No obvious complications, such as bleeding and mediastinal infection, were observed. Two patients experienced mild pain (numeric rating scale, 1–3) after EUS-FNA.
Discussion
There are many clinical causes of esophageal stricture, which may be accompanied by dysphagia, vomiting, an inability to eat, and may result in malnutrition. Esophageal cancer is a common cause of esophageal stricture, and most esophageal cancers can be pathologically diagnosed by endoscopic biopsy. However, it is not uncommon for esophageal cancer to present with smooth strictures of the esophagus (7). Gastroscope biopsies are difficult in such cases. Some investigators attempt dilation before biopsy (8). However, dilation carries the risk of perforation (9-11), especially in patients with advanced esophageal cancer. Molina et al. (12) reported that the dilation of advanced esophageal cancer caused perforation in up to 10.6% (6/55) of patients. Transnasal ultrafine gastroscope is another option (13), as it can pass through some esophageal strictures that cannot be passed through by ordinary gastroscopes, but the biopsy hole is small and the tissue obtained is limited (7,10). EUS is currently the most reliable method for the staging of esophageal cancer (14), but EUS-FNA has not been fully applied in the diagnosis of esophageal cancer.
Currently, only a limited number of studies have examined the role of EUS-FNA in these patients (12,15). Canadian scholars reported on the use of EUS-FNA in 2 cases of esophageal cancer, in which EUS-FNA was performed after dilation (15). Dahale et al. (1) reported 11 cases of esophageal cancer leading to smooth esophagus stenosis, performed EUS-FNA without dilating the stenosis, and obtained a pathological diagnosis for all 11 patients. In the current study, a total of 17 cases of primary esophageal malignant tumors were diagnosed by EUS-FNA, including 16 cases of esophageal squamous cell carcinoma and 1 case of esophageal sarcoma. CT before EUS-FNA showed the thickening of the esophageal wall, and a gastroscopic examination was performed at our hospital or other hospitals. As no valid tissue was obtained from the biopsy specimens, the diagnosis could not be confirmed. Cytological and histological specimens were obtained from 17 patients by EUS-FNA, and some patients also underwent immunohistochemical examinations. Based on the cytopathology, histology, and immunohistochemistry results, definite diagnoses were obtained for all patients, yielding a diagnosis rate of 100%. To date, this cohort comprises the largest sample size of patients with smooth esophagus stenosis caused by a primary malignant tumor of the esophagus; the pathologically negative gastroscopic biopsy was confirmed by EUS-FNA.
Metastatic esophageal cancer is very rare clinically. Since the first case of metastatic esophageal cancer from the prostate was reported by Gross et al. (16) in 1942, various metastatic esophageal cancers in different organs have been reported, including the breast, lungs, ovary, liver, colon, pancreas, bladder, kidneys, and stomach (17-25). The most common primary sites for metastatic esophageal cancer are the breast and lungs (17,18). The incidence of metastatic esophageal cancer found by autopsies is about 0.3–6.1% (26-28), most of which are micrometastases (67.8%) (28), which are not easy to find clinically. In symptomatic metastatic esophageal cancer, dysphagia is the most common first presentation (28).

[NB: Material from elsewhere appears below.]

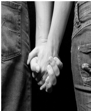
Union Hand in Hand

Sisters of Alpha Phi strive for good scholarship, moral character, and genuine culture. The colors

The CT manifestations of metastatic esophageal cancer include the circumferential thickening of the esophageal wall, while the endoscopic manifestations include esophageal circumferential stenosis, and smooth surface mucosa. Biopsies often fail to obtain pathological diagnosis, which creates clinical diagnosis challenges. Breast cancer esophageal metastases may appear 20 years after breast cancer surgery (29), and are often considered a primary esophageal tumor. Sunada et al. (30) reported a case of esophageal metastasis from breast cancer diagnosed by endoscopic mucosal resection (EMR). However, surgical pathology and autopsy results showed that most metastatic esophageal cancers were located in the submucosa and muscular layer of the esophagus, where the surface mucosa was intact and EMR only removed the surface mucosa. The issue of whether a pathological diagnosis can be obtained by EMR is a concern. Conversely, EUS-FNA can even make a clear pathological diagnosis of submucosal tumors (6,31,32).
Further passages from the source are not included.